(TASK):
Below are lines of data, and only some are wanted. Please repeat exactly those from the line that has "An elegant design" through the line that has "三、韭菜鸡蛋素馅包子。准备食".

(INPUT FOR THIS TASK):
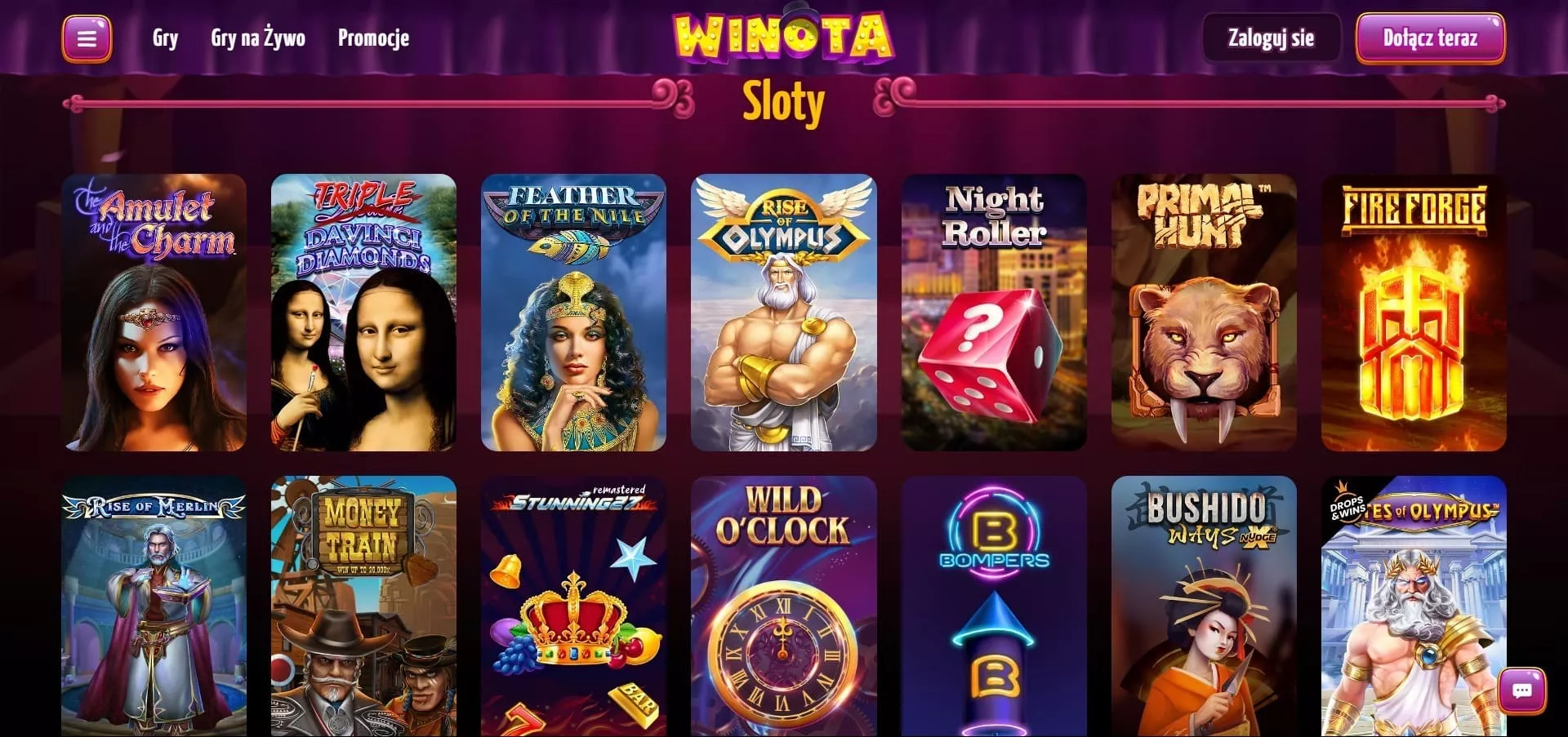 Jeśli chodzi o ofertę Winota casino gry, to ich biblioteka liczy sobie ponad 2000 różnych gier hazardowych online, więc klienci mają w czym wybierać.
--
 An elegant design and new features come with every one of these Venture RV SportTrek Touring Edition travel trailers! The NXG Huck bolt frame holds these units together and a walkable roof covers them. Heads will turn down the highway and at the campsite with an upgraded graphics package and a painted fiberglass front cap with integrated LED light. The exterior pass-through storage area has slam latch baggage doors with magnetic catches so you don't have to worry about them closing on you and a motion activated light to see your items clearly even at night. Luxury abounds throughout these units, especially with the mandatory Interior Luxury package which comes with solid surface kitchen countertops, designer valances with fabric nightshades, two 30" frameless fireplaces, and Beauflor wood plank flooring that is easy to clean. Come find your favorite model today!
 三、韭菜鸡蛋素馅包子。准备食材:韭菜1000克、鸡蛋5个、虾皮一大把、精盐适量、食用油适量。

(TASK RESULT):
 An elegant design and new features come with every one of these Venture RV SportTrek Touring Edition travel trailers! The NXG Huck bolt frame holds these units together and a walkable roof covers them. Heads will turn down the highway and at the campsite with an upgraded graphics package and a painted fiberglass front cap with integrated LED light. The exterior pass-through storage area has slam latch baggage doors with magnetic catches so you don't have to worry about them closing on you and a motion activated light to see your items clearly even at night. Luxury abounds throughout these units, especially with the mandatory Interior Luxury package which comes with solid surface kitchen countertops, designer valances with fabric nightshades, two 30" frameless fireplaces, and Beauflor wood plank flooring that is easy to clean. Come find your favorite model today!
 三、韭菜鸡蛋素馅包子。准备食材:韭菜1000克、鸡蛋5个、虾皮一大把、精盐适量、食用油适量。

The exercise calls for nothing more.